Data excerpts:
[Start of Attachment]

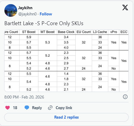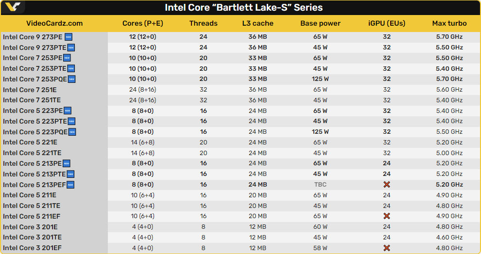 Відомий інсайдер Jaykihn опублікував повну таблицю специфікацій процесорів Intel Core 200E Bartlett Lake‑S, які базуються виключно на продуктивних ядрах (P‑cores).
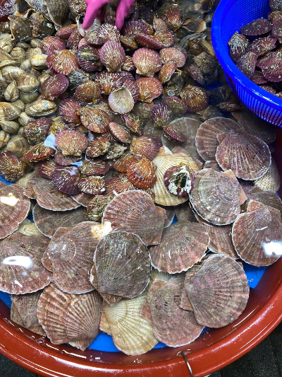 이곳저곳 생선구이 집도 보이고 싱싱한 해산물들이 많이 보이더라구요. 홍가리비가 제철이라 찾는것은 어렵지 않았습니다. 근데 사장님이 알려주신 정보가 있는데 홍가리비는 육지로 나오면 금방 죽어 버리는것들이 많아서 잘 안 갖다 놓는다고 하시네요. 그리고 홍가리비 중에 조금 가볍다싶은것들은 속안을 들여다 보면 비어있는것도 있었습니다.
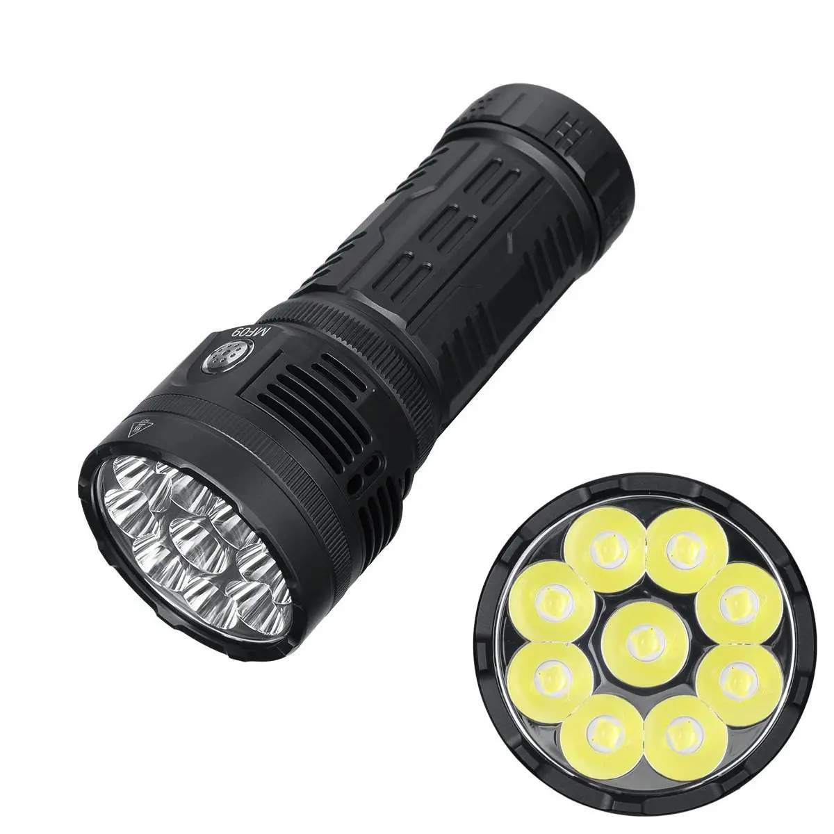 ASTROLUX MF09 – Hochleistungstaschenlampe mit 26.000 Lumen und 600 Meter Reichweite, 9x XHP50.2 LEDs, 1x 46950 Li-Ionen Akku mit 32.000mAh (ausdauernd wie 8x 21700 Akkus!) inkl., thermoelektrischer Kühler + Ventilator, PowerBank-Funktion, in schwarz, grün oder silber
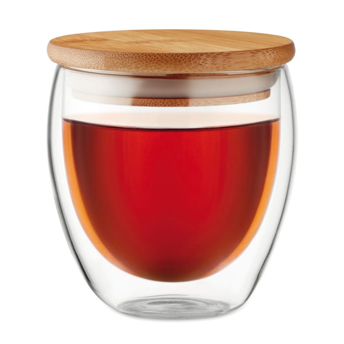 Szklanka z dwuwarstwowego szkła borokrzemianowego z pokrywką bambusową z silikonową uszczelką. Pojemność 250 ml. Bambus jest materiałem naturalnym, jego kolor może się różnić w poszczególnych przypadkach.
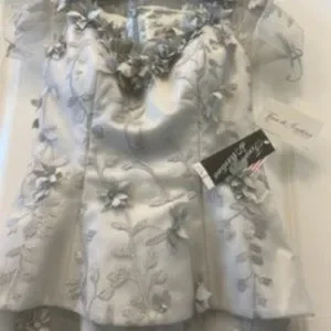 Beautiful Brand New Designer Gown. Silver Metallic Tulle with hand sewn flower appliques attached. Each flower is also adorned with a center grey pearl. This gown is fully lined. Netted sheer illusion sleeves can be removed to make the gown sleeveless giving it a totally off the shoulder look. This gown has never been worn or altered and still has all original tags attached. Will fit a size 4 / 6 Measurements are 30 1/2 Bust 27 1/2 Waist 36 1/2 Hips. Style # 3036. Made exclusively by Tina Di Martina Designs in Hauppauge New York. Gown was purchased at Infinity Boutique in Boca Raton for $1800. Perfect dress for Mother of Bride/Groom.
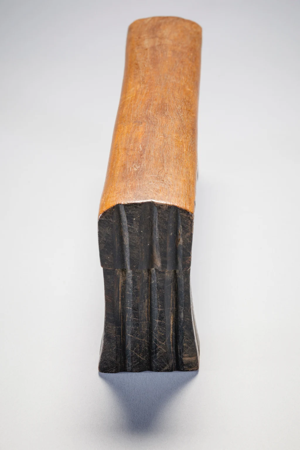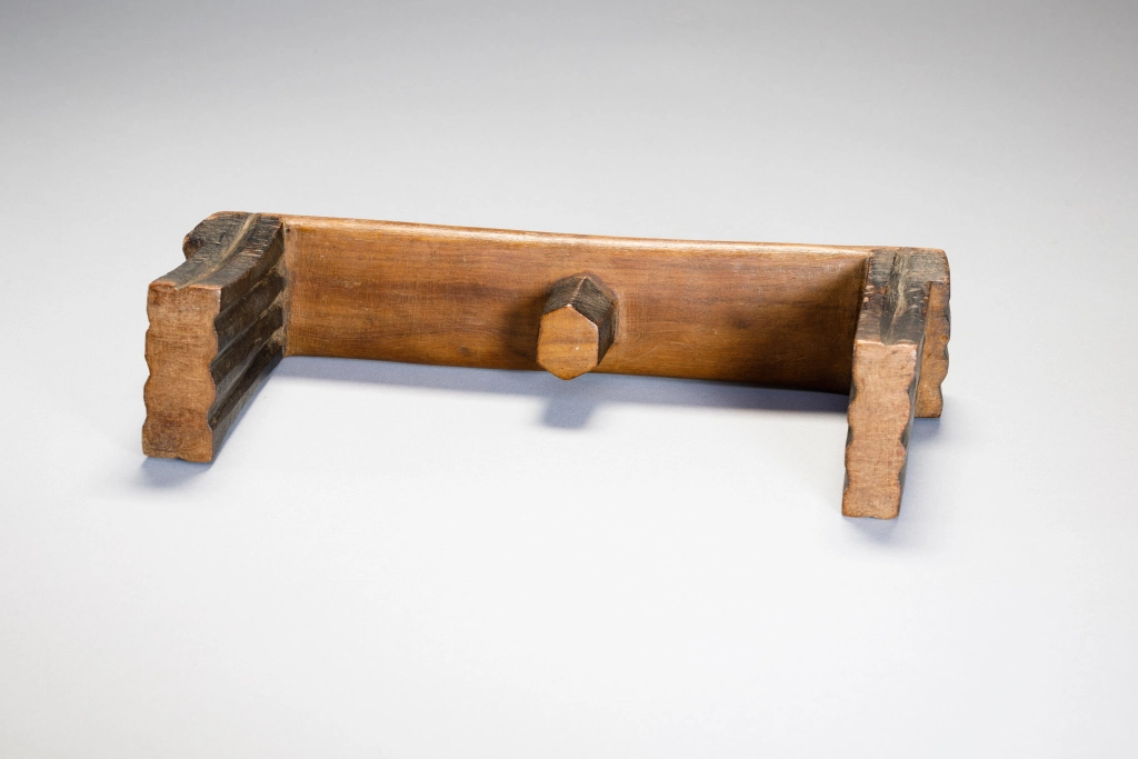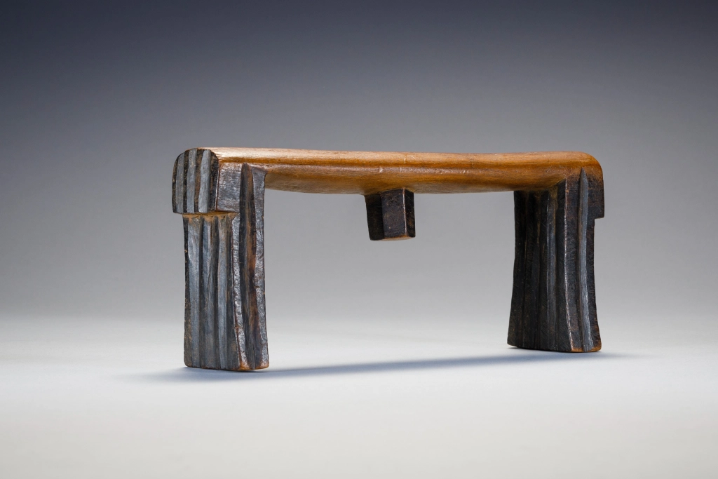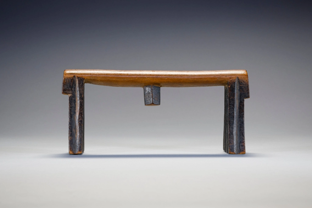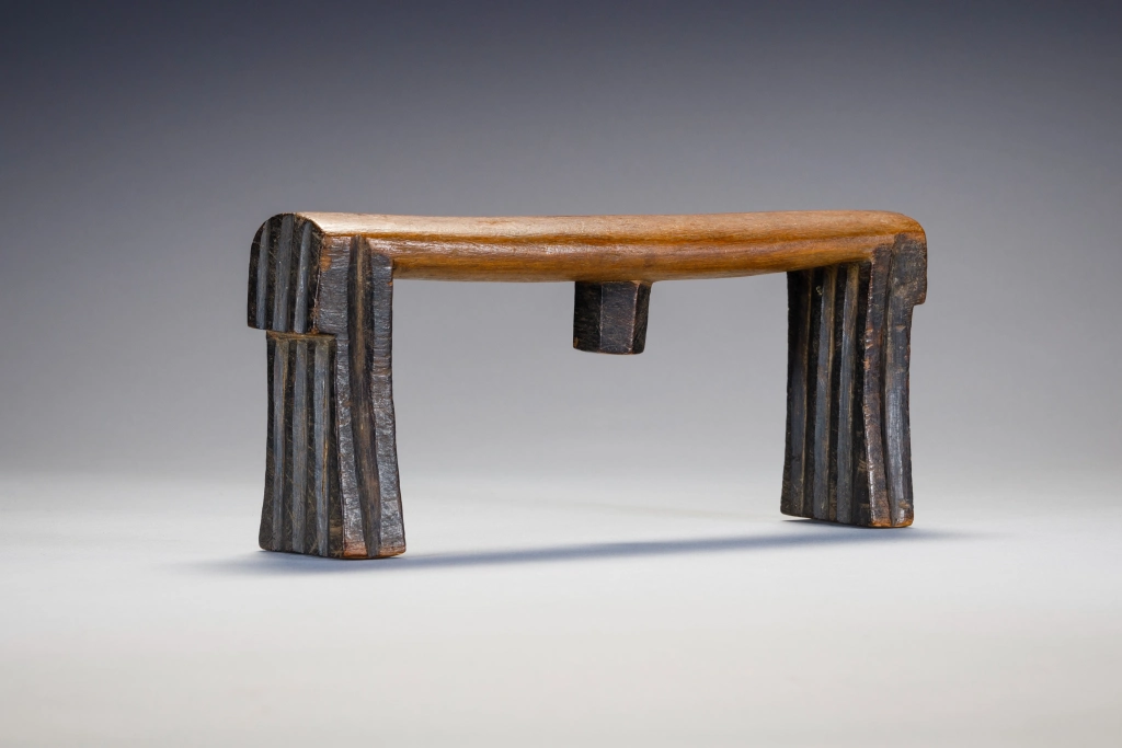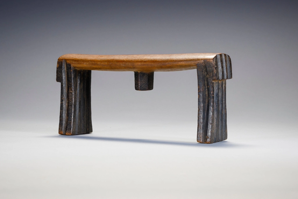 Un appui-tête swazi miniature avec un sommet arrondi, de petits pieds et un ergot à facettes. Bien qu’il ne semble pas avoir été très utilisé, il s’agit d’une pièce ancienne authentique. Comme le dit Gordon dans son livre, « ces appuis-tête sont rares et beaucoup d’entre eux ne présentent pas de signes d’utilisation régulière, bien que certains d’entre eux soient anciens. Il est possible qu’ils soient trop instable pour être utilisés confortablement. On pense qu’il s’agissait d’appuis-tête de voyage légers. «
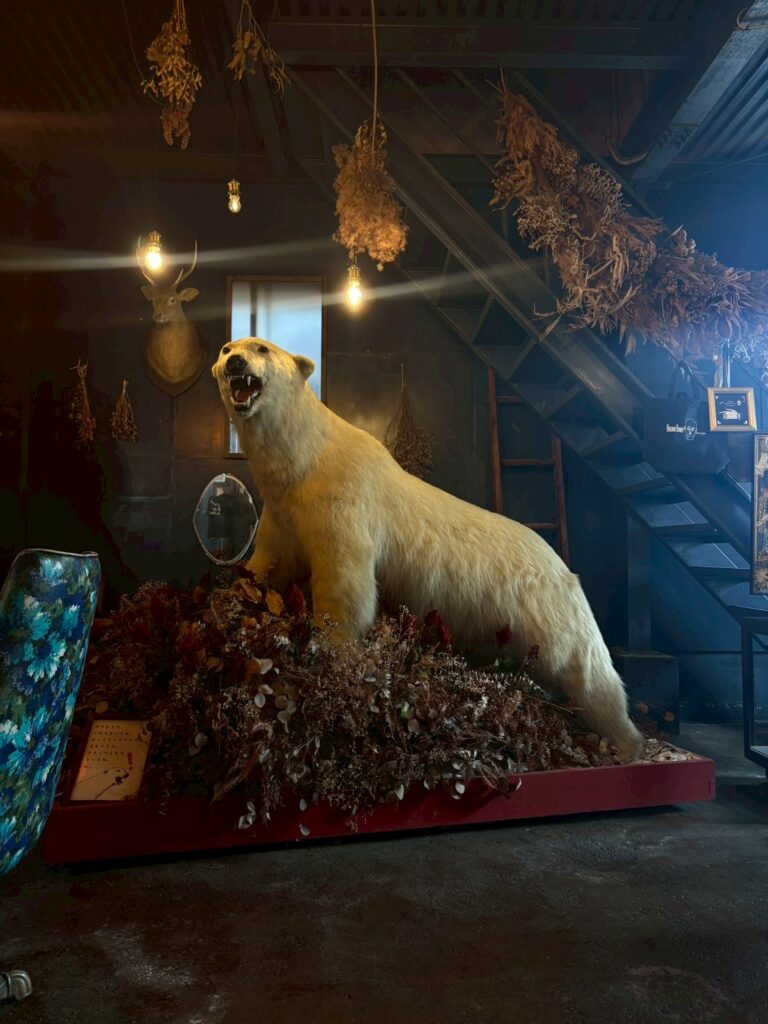 店内に入り、一番に等身大の白熊のはく製が出迎えてくれてびっくりしました!白熊のはく製って何万円するんだろう、、、
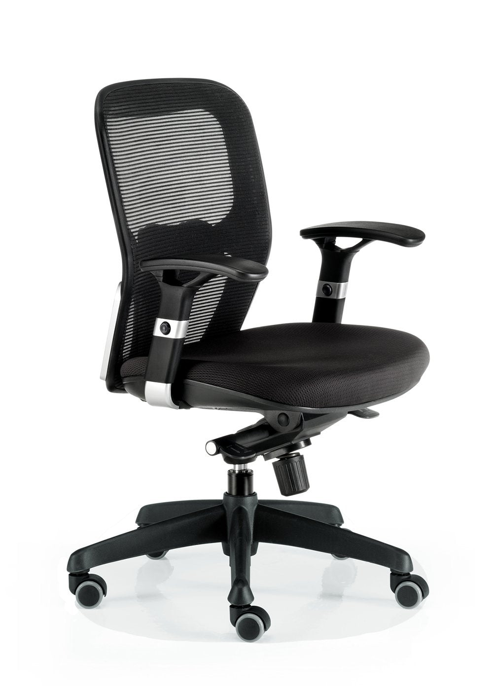 Its fabric-effect mesh backrest provides optimal breathability, while the Syncron mechanism and adjustable lumbar support ensure a dynamic and healthy posture throughout the day. Furthermore, the 3D armrests and the option to add seat reclining (+€40) allow for complete customization of comfort.
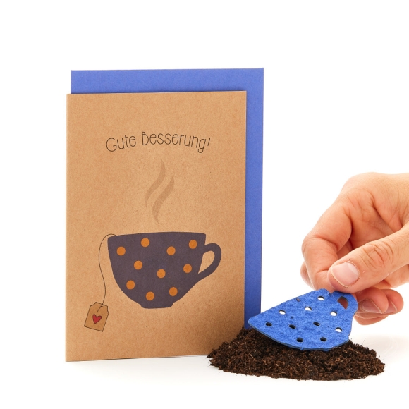 Grußkarte "Gute Besserung" mit Teetasse | Ideal für Genesungswünsche | Karte "Gute Besserung" I Genesungskarte I Die Stadtgärtner
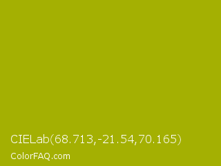 CIELab 68.713,-21.54,70.165 Color is a normal yellow color and the nearest color is Pistachio Green #9dc209. Hex code #a4b002 and RGB value is rgb(164,176,2). In RGB color space, this color is composed of 64% red, 69% green, 1% blue, In CMYK color space, this color is composed of 7% cyan, 0% magenta, 99% yellow , 31% black , In HSL color space, this color has a hue angle of 64° , 98% saturation and 35% lightness.
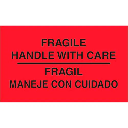 "Fragile Handle w/ Care" Print Bilingual Labels, 5"L x 3"W, Fluorescent Red, Roll of 500
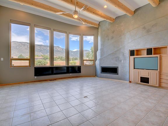 AMAZING VIEWS OF THE SANDIA MOUNTAINS. Enter into this unique home full of colors and personality. The sweeping fireplace and large windows accent the views of the open space behind the house and views! Stunning kitchen with custom storage, turquoise glass accents, warming tray, pull out pantry wire racks, cork flooring and a warming tray and black quartz island. Living, dining area has wonderful windows and french doors to the covered patio. Separate primary bedroom with mountain views and updated bath suite. Second bedroom boast of a new york skyline. 3rd bedroom was a jewelry making office with peg board on 3 walls and built in desk and storage. Front office is amazing. Bookcases and designer walls! This whole house is a work of art.
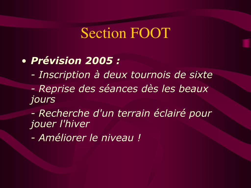 Section FOOT • Prévision 2005 : • - Inscription à deux tournois de sixte • - Reprise des séances dès les beaux jours • - Recherche d'un terrain éclairé pour jouer l'hiver • - Améliorer le niveau !
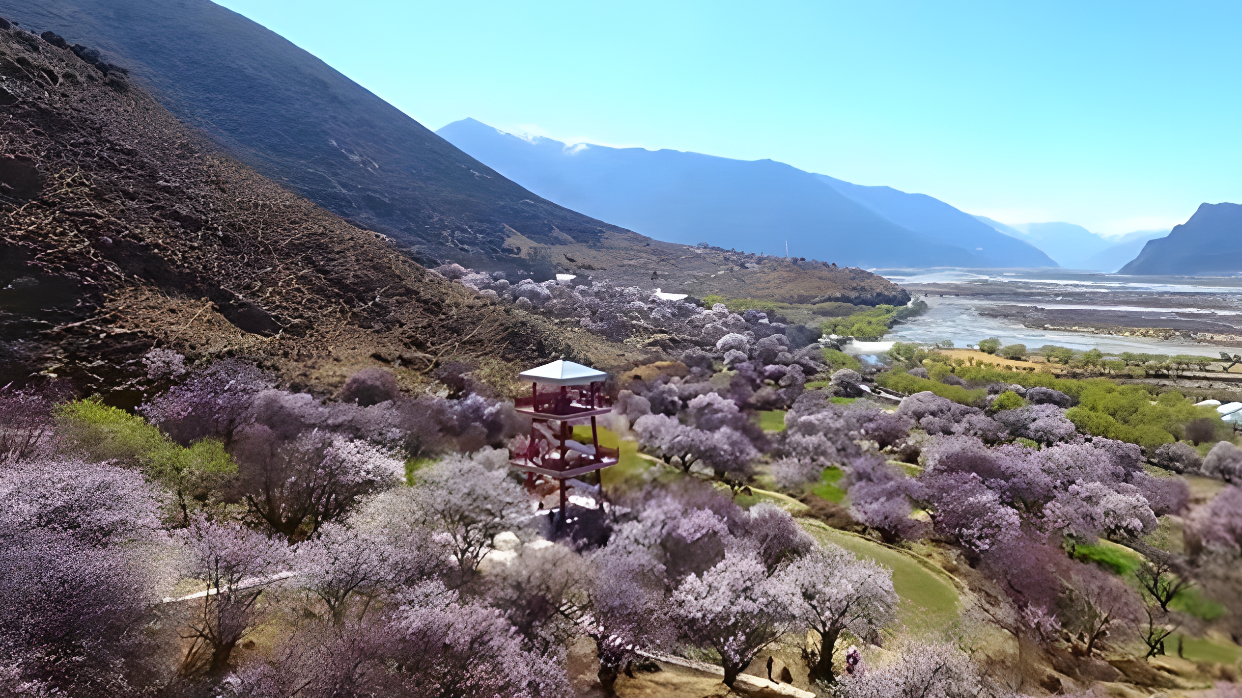 每年春天,這里有1200多株百年以上野生桃樹競相綻放,花香滿園。嘎拉村因此被譽為“桃花第一村”,吸引了全國各地的游客前來一睹“雪映桃花源”的美景。2023年上半年,嘎拉村通過舉辦桃花文化旅游節(jié)獲得341萬元收入。
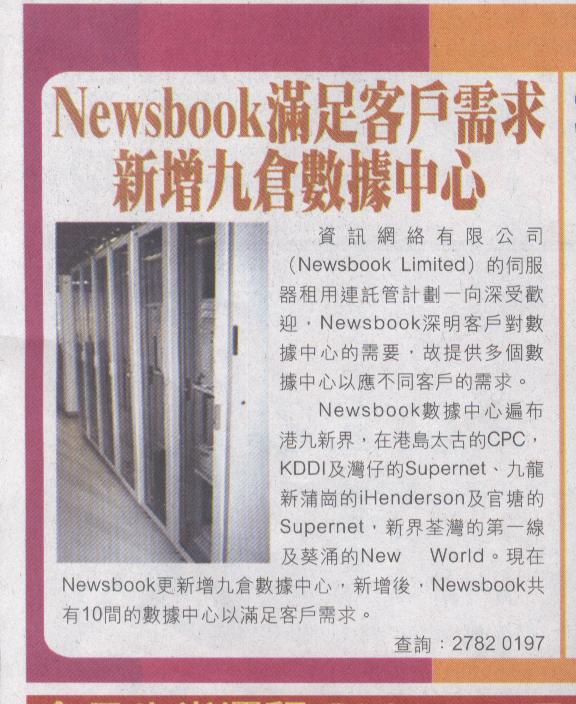 Newsbook data centers all over Hong Kong, Kowloon and New Territories, Hong Kong Island Pacific's CPC, KDDI and Wan Chai Supernet, a new Kowloon and Kwun Tong iHenderson of the Supernet, New Territories, first line in Tsuen Wan and New World in Kwai Chung. Visit speed, it depend on the client used to visit where, some data centers connect to the United States ,Canada or Europe is better, while one of it connected to the mainland is faster. Now Newsbook add new T & T (Wharf) data center, after this, Newsbook has 10 data centers to meet the needs of different customers.

[End of Attachment]

Please transcribe exactly the part of the records that opens with the line containing "Szklanka z dwuwarstwowego" and closes with the line containing "I Die Stadtgärtner", both ends included, and leave out the pictures.

■ **TASK ANSWER**:
 Szklanka z dwuwarstwowego szkła borokrzemianowego z pokrywką bambusową z silikonową uszczelką. Pojemność 250 ml. Bambus jest materiałem naturalnym, jego kolor może się różnić w poszczególnych przypadkach.
 Beautiful Brand New Designer Gown. Silver Metallic Tulle with hand sewn flower appliques attached. Each flower is also adorned with a center grey pearl. This gown is fully lined. Netted sheer illusion sleeves can be removed to make the gown sleeveless giving it a totally off the shoulder look. This gown has never been worn or altered and still has all original tags attached. Will fit a size 4 / 6 Measurements are 30 1/2 Bust 27 1/2 Waist 36 1/2 Hips. Style # 3036. Made exclusively by Tina Di Martina Designs in Hauppauge New York. Gown was purchased at Infinity Boutique in Boca Raton for $1800. Perfect dress for Mother of Bride/Groom.
 Un appui-tête swazi miniature avec un sommet arrondi, de petits pieds et un ergot à facettes. Bien qu’il ne semble pas avoir été très utilisé, il s’agit d’une pièce ancienne authentique. Comme le dit Gordon dans son livre, « ces appuis-tête sont rares et beaucoup d’entre eux ne présentent pas de signes d’utilisation régulière, bien que certains d’entre eux soient anciens. Il est possible qu’ils soient trop instable pour être utilisés confortablement. On pense qu’il s’agissait d’appuis-tête de voyage légers. «
 店内に入り、一番に等身大の白熊のはく製が出迎えてくれてびっくりしました!白熊のはく製って何万円するんだろう、、、
 Its fabric-effect mesh backrest provides optimal breathability, while the Syncron mechanism and adjustable lumbar support ensure a dynamic and healthy posture throughout the day. Furthermore, the 3D armrests and the option to add seat reclining (+€40) allow for complete customization of comfort.
 Grußkarte "Gute Besserung" mit Teetasse | Ideal für Genesungswünsche | Karte "Gute Besserung" I Genesungskarte I Die Stadtgärtner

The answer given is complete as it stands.